Lower down are entries containing pictures. Copy exactly, without those pictures, the lines from the line with "安全合法的院所使用台灣衛生署" through the line with "Det er nemlig".
╭──
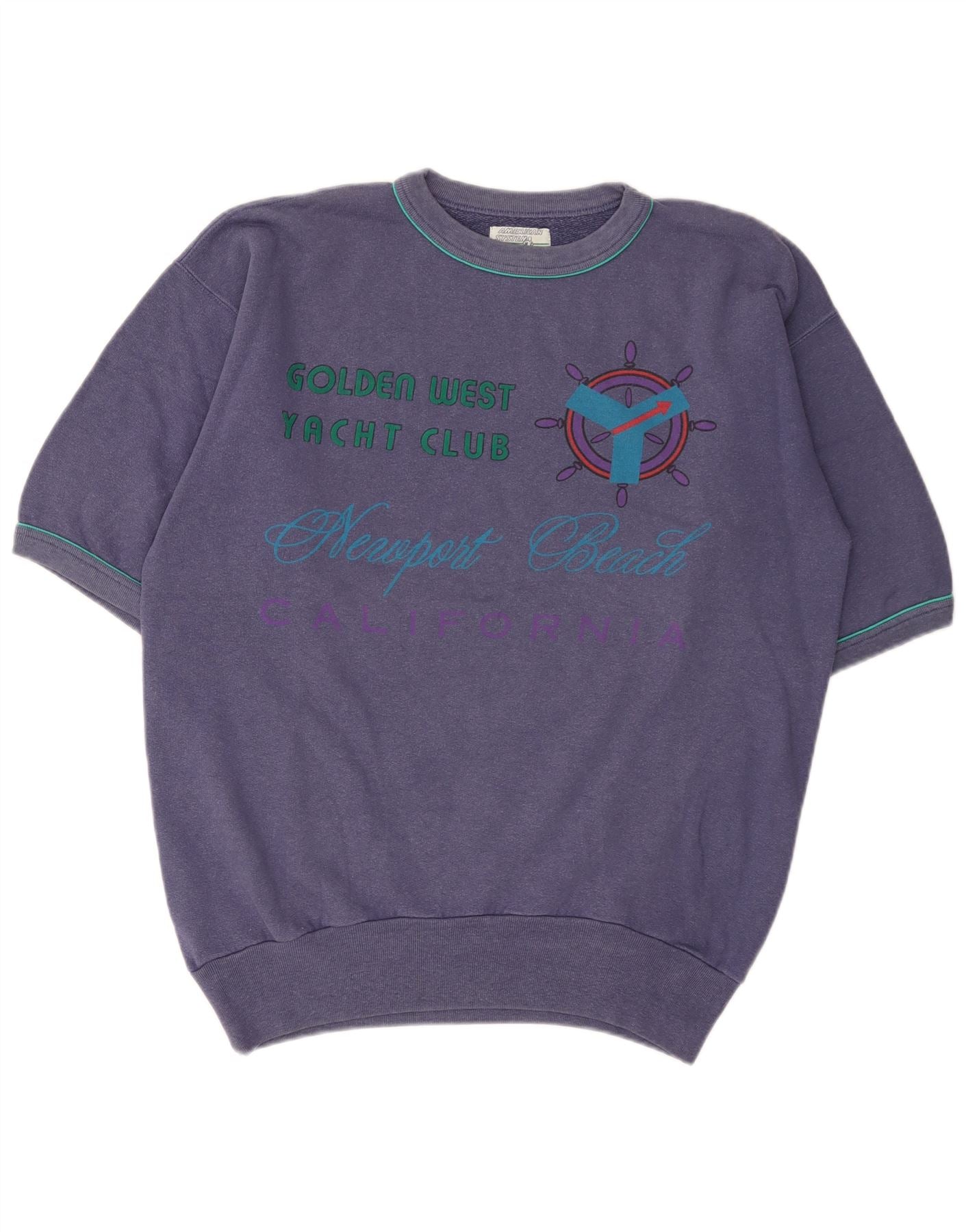 - AI Description: This American System mens sweatshirt jumper is crafted from a soft cotton acrylic blend jersey fabric. It features a rich purple hue with a prominent Golden West Yacht Club graphic on the front. The round neck and short sleeves offer a relaxed silhouette. Cuffed sleeves and hem ensure a neat finish. This pullover style provides a comfortable regular fit, perfect for a casual nautical look.
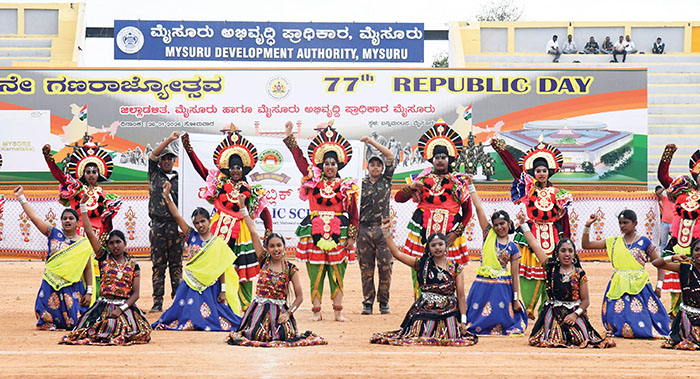 Chamarajanagar MP Sunil Bose, Chairman of Karnataka Exhibition Authority Ayub Khan, Regional Commissioner Nitesh Patil, Deputy Commissioner G. Lakshmikanth Reddy, ZP CEO S. Ukesh Kumar, City Police Commissioner Seema Latkar, MCC Commissioner Shaikh Tanveer Asif, Superintendent of Police (SP) Mallikarjun Baladandi, DCP (Crime and Traffic) K.S. Sundar Raj and others were present at the R-Day event.
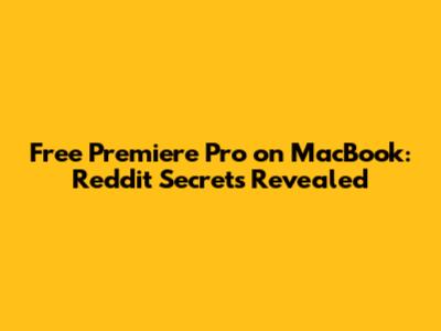 Free Premiere Pro On MacBook: Reddit Secrets Revealed
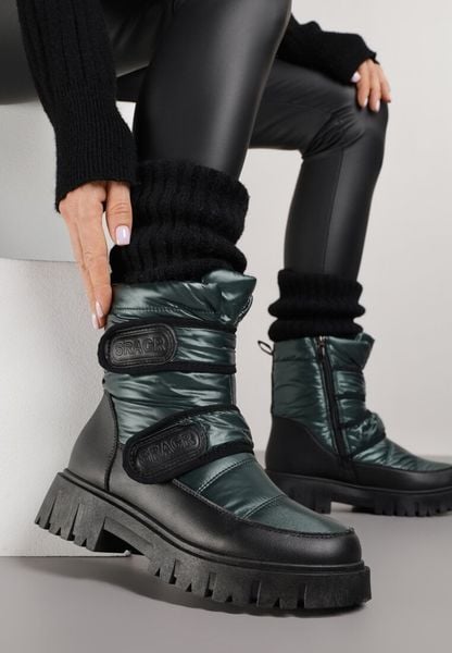 Ciemnozielone Śniegowce na Rzepy i Grubej Podeszwie Cashel
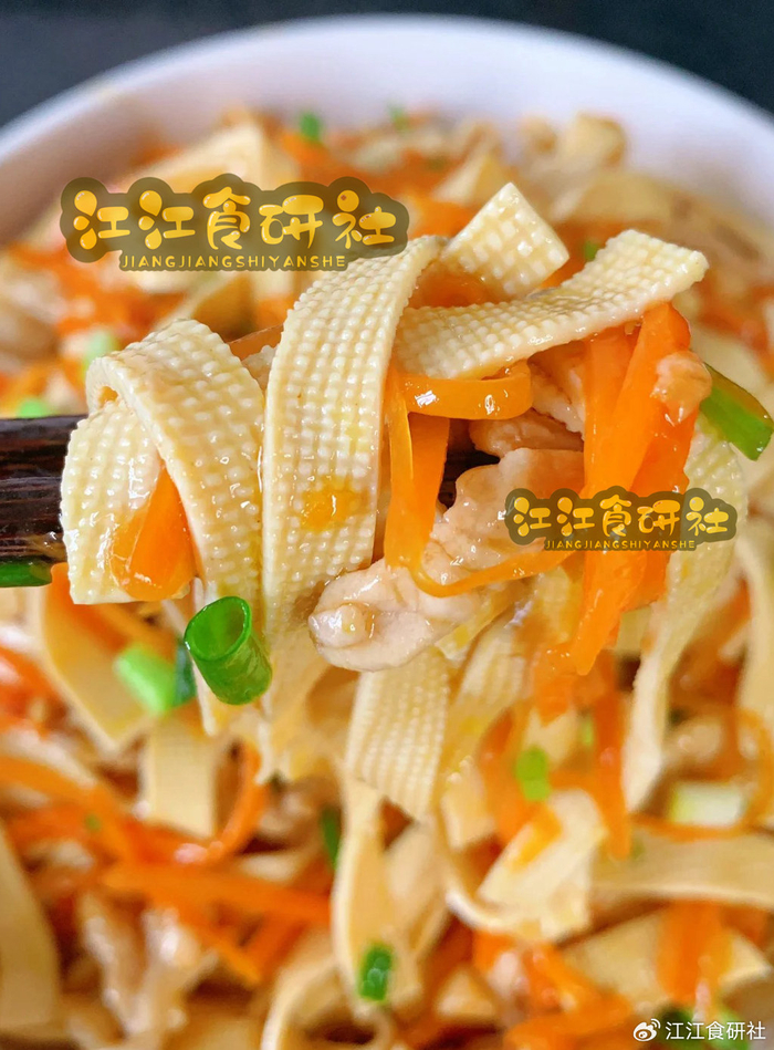 第二道:千张胡萝卜丝炒肉——家常的“温暖担当”这是最下饭的做法。肉丝的鲜,胡萝卜的甜,千张的软,在热锅里交融。秘诀在于,让千张从“配角”变成吸汁的“主角”。
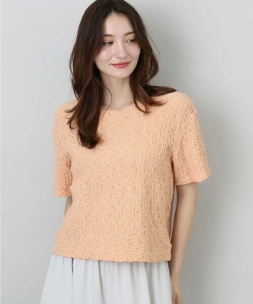 ポコポコとした表面感のカットソーは体の肉感を拾いにくく体型カバーが叶う一枚!見た目的にも可愛いデザインなので1枚着でも映えるアイテムです。ストレッチが効いているので着脱もラクチンでした。
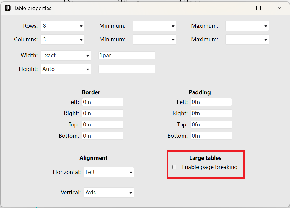 For long tables presented across pages, you can click Enable page breaking in Table Properties to enable page breaking.
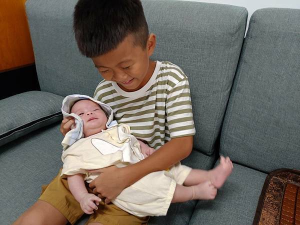 接著你就會看到我像抱嬰兒那般直立的抱著大寶,小學二年級身材尺寸要我站著直直抱著他當然很吃力,所以我通常是坐著抱大寶。
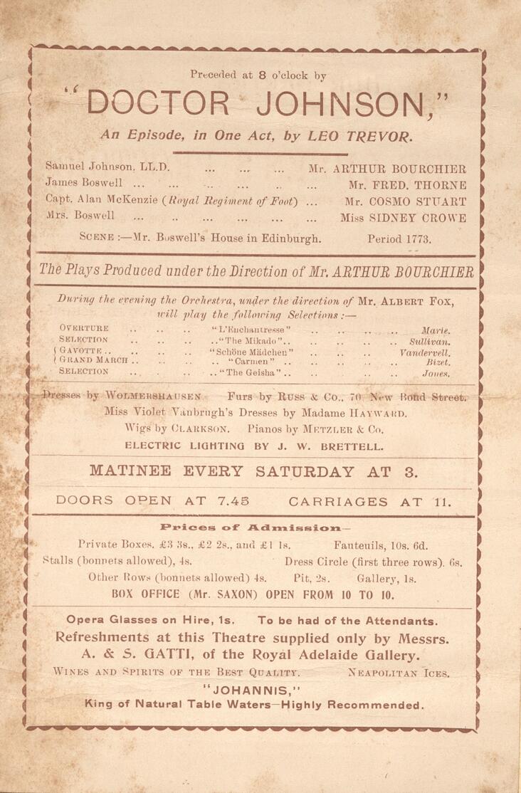 Διαφημιστική καρτέλα θεατρικής σκηνής Royal Strand Theatre
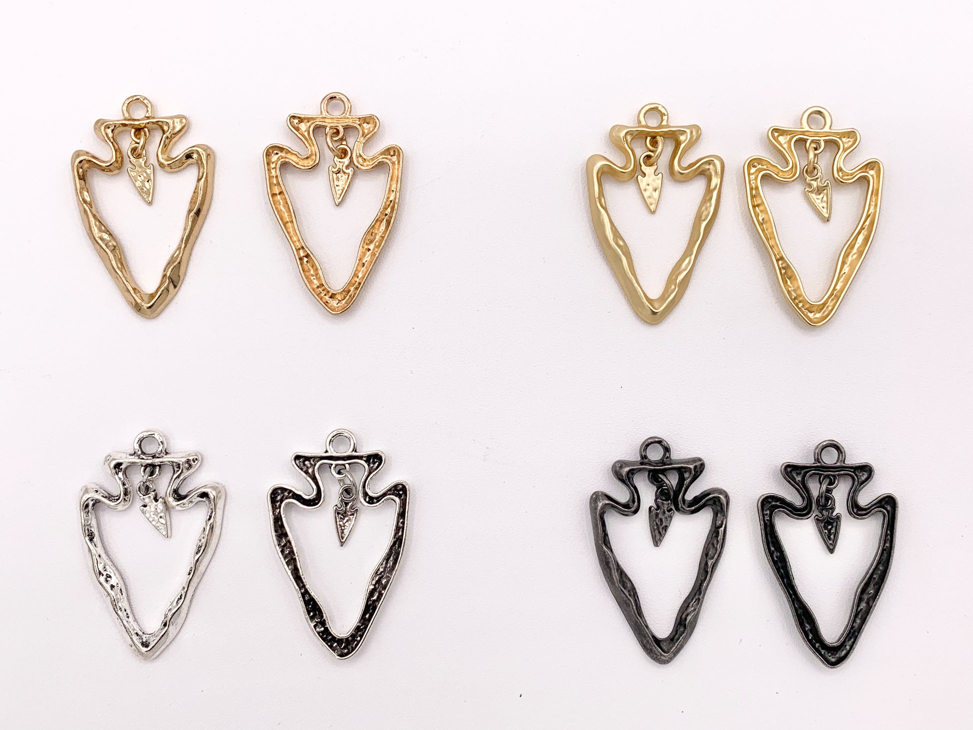 Colgantes de punta de flecha hueca de peltre de 25x40 mm con pequeño dije colgante en oro, oro mate, plata, cobre, latón, bronce y pátina azul
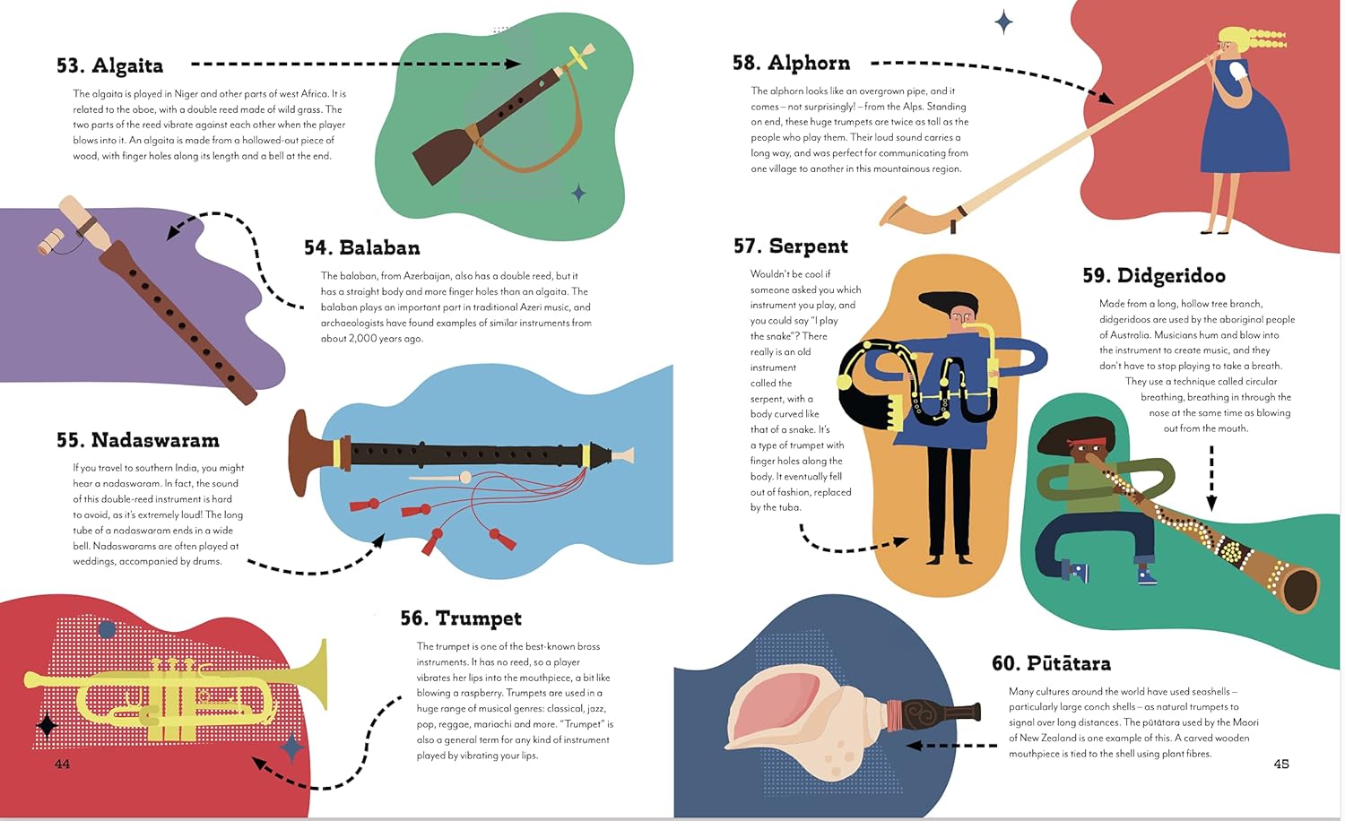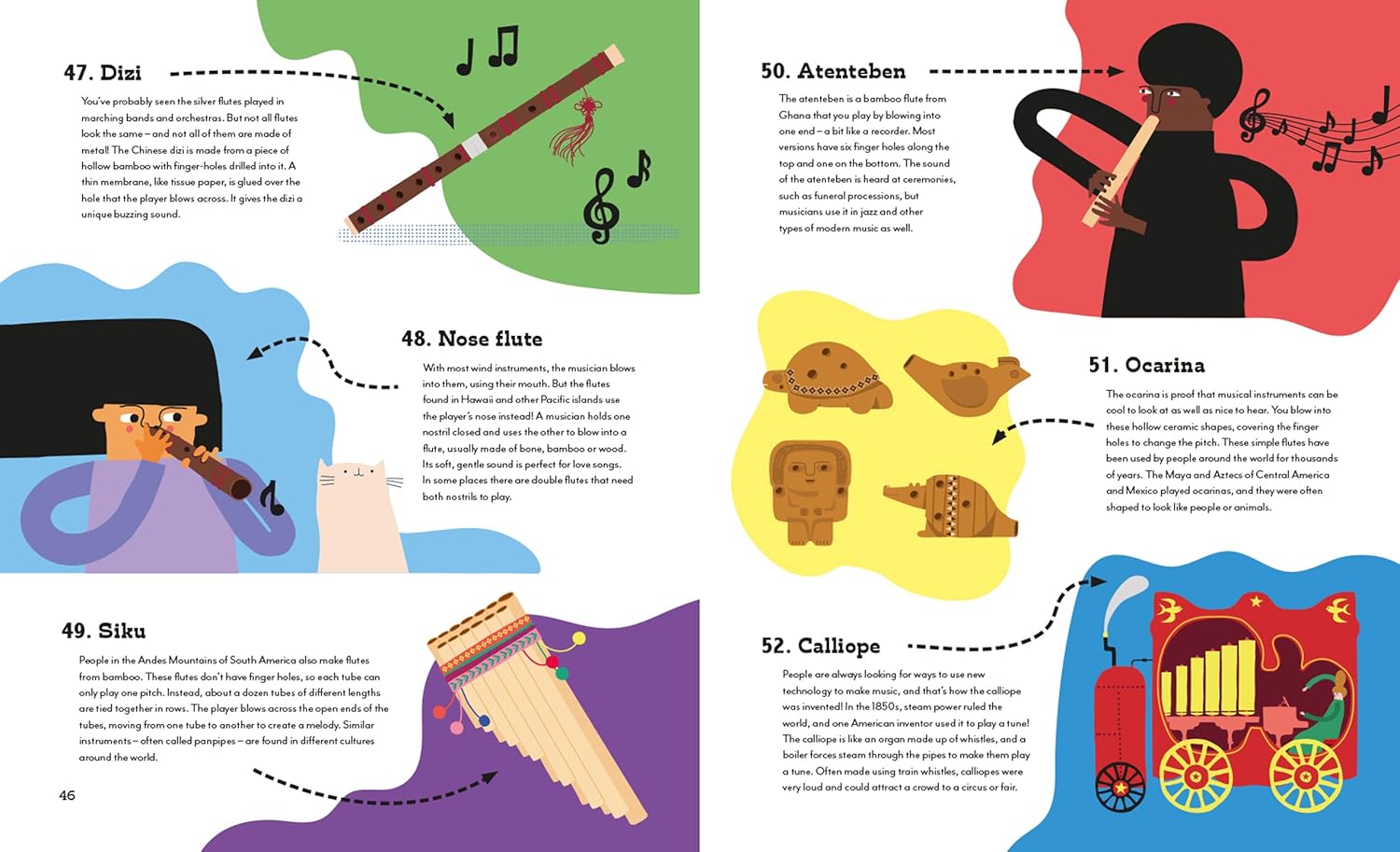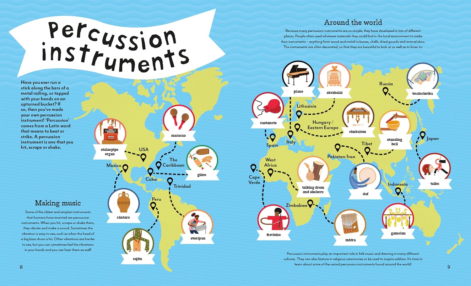 Including a stunning central gatefold that opens out to reveal the family tree of musical instruments, Around the World in 80 Musical Instruments is a visual celebration of the huge variety of instruments played across the world, from those you know to those you almost certainly don't. Discover traditional instruments from various cultures, such as the gamelan and mbira, as well as the creations of modern artists and musicians, such as the Wintergatan Marble Machine and the eerie-sounding Earth harp.
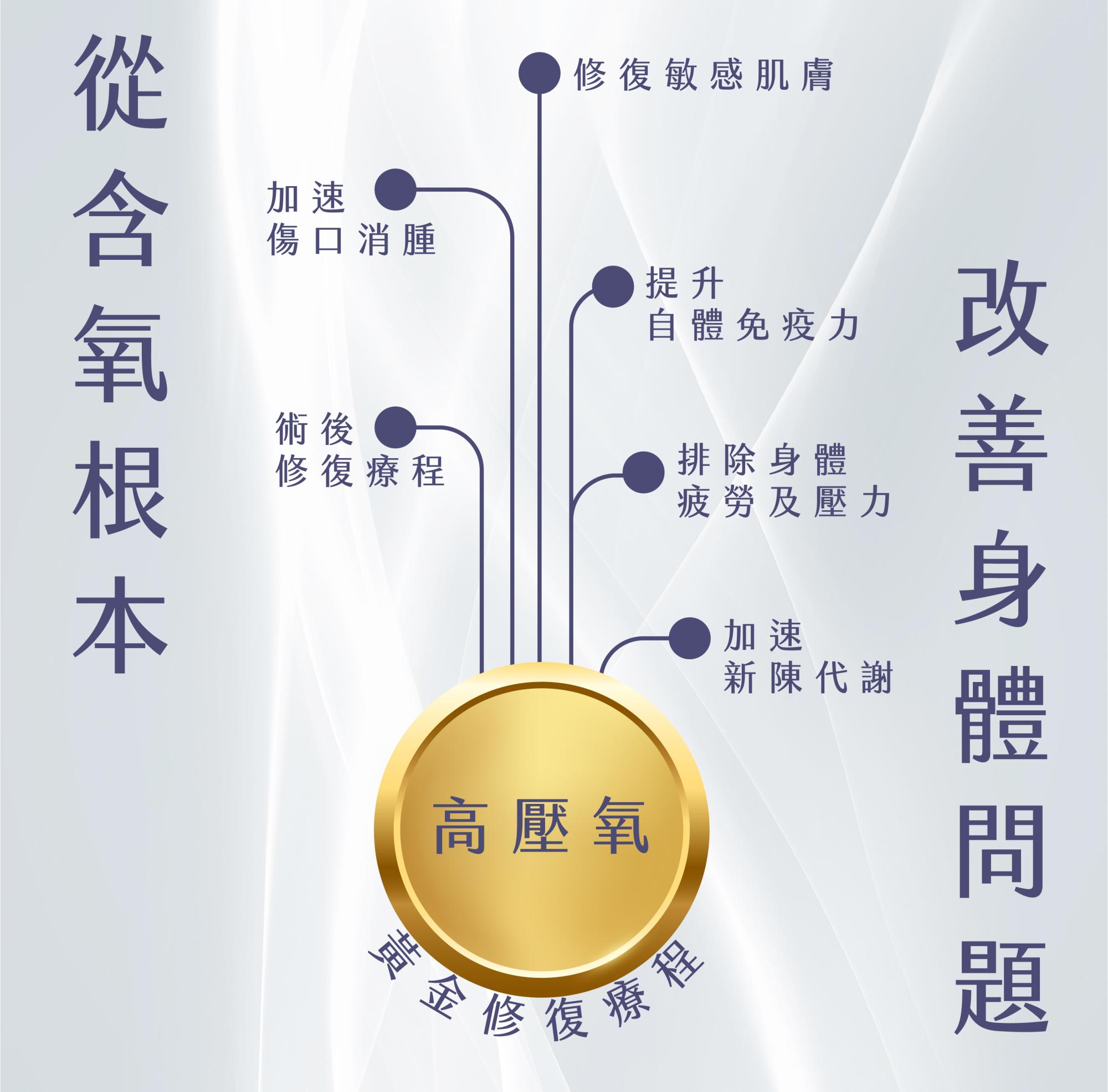 安全合法的院所使用台灣衛生署核可的高壓氧醫療儀器。高壓氧治療讓使用者進入一個完全密閉的壓力艙,進入艙內壓力將逐漸提升至1.4以上的大氣壓力,讓使用者吸入更高濃度的氧氣,一般情況下氧氣在體內的運送大多由血紅素運送,而身處高壓氧時氧氣將溶氧到血漿中,這些富含氧氣的血漿能夠更進一步的擴散到身體其他組織,使身體細胞得到更多能量,達到修復受損組織的效果。
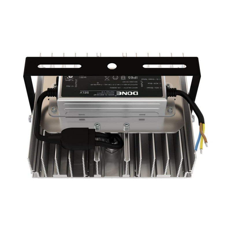 - Класс пылевлагозащиты: IP65 — полная защита от пыли и водяных струй, что делает прожектор пригодным для любых погодных условий
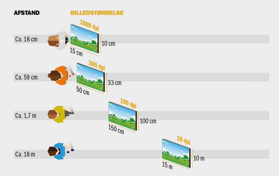 Det er nemlig slik at jo lenger unna et bilde du kommer, desto lavere dpi trenger du. Menneskeøyet kan ikke se forskjellen på det uansett.
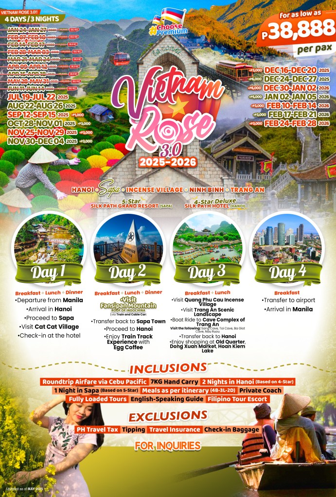 4d/3n VIETNAM ROSE 3.0 2025-2026 If you are interested to join this tour, please fill in your details below: ← BackThank you for your interest! A member of our team will get in touch with you. Name:(required) Email Address:(required) Mobile Number:(required) SendSubmitting form Δ
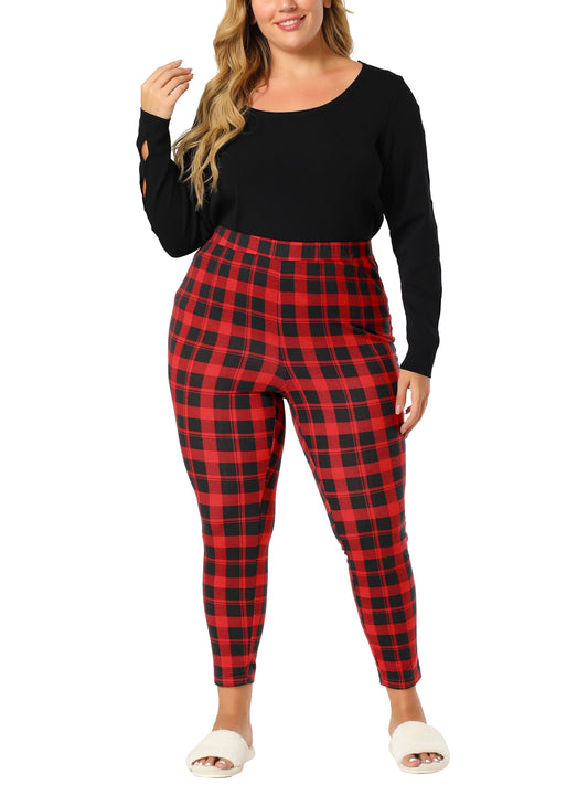 Women Plus Size Check Leggings Stretch Festive Glen Plaid Skinny Pant Legging Christmas
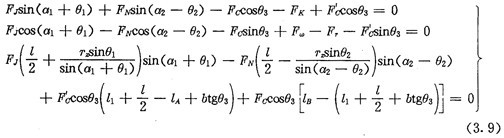由于考慮了慣性力,所以力Fc 不通過交點Q,lc也是一個未知數(shù)。若根據(jù)輸入功率確定出FJ,則方程組(3.8)只剩下FN、FC及lc三個未知數(shù)了。
╰──
◆ EXPECTED ANSWER ◆
 安全合法的院所使用台灣衛生署核可的高壓氧醫療儀器。高壓氧治療讓使用者進入一個完全密閉的壓力艙,進入艙內壓力將逐漸提升至1.4以上的大氣壓力,讓使用者吸入更高濃度的氧氣,一般情況下氧氣在體內的運送大多由血紅素運送,而身處高壓氧時氧氣將溶氧到血漿中,這些富含氧氣的血漿能夠更進一步的擴散到身體其他組織,使身體細胞得到更多能量,達到修復受損組織的效果。
 - Класс пылевлагозащиты: IP65 — полная защита от пыли и водяных струй, что делает прожектор пригодным для любых погодных условий
 Det er nemlig slik at jo lenger unna et bilde du kommer, desto lavere dpi trenger du. Menneskeøyet kan ikke se forskjellen på det uansett.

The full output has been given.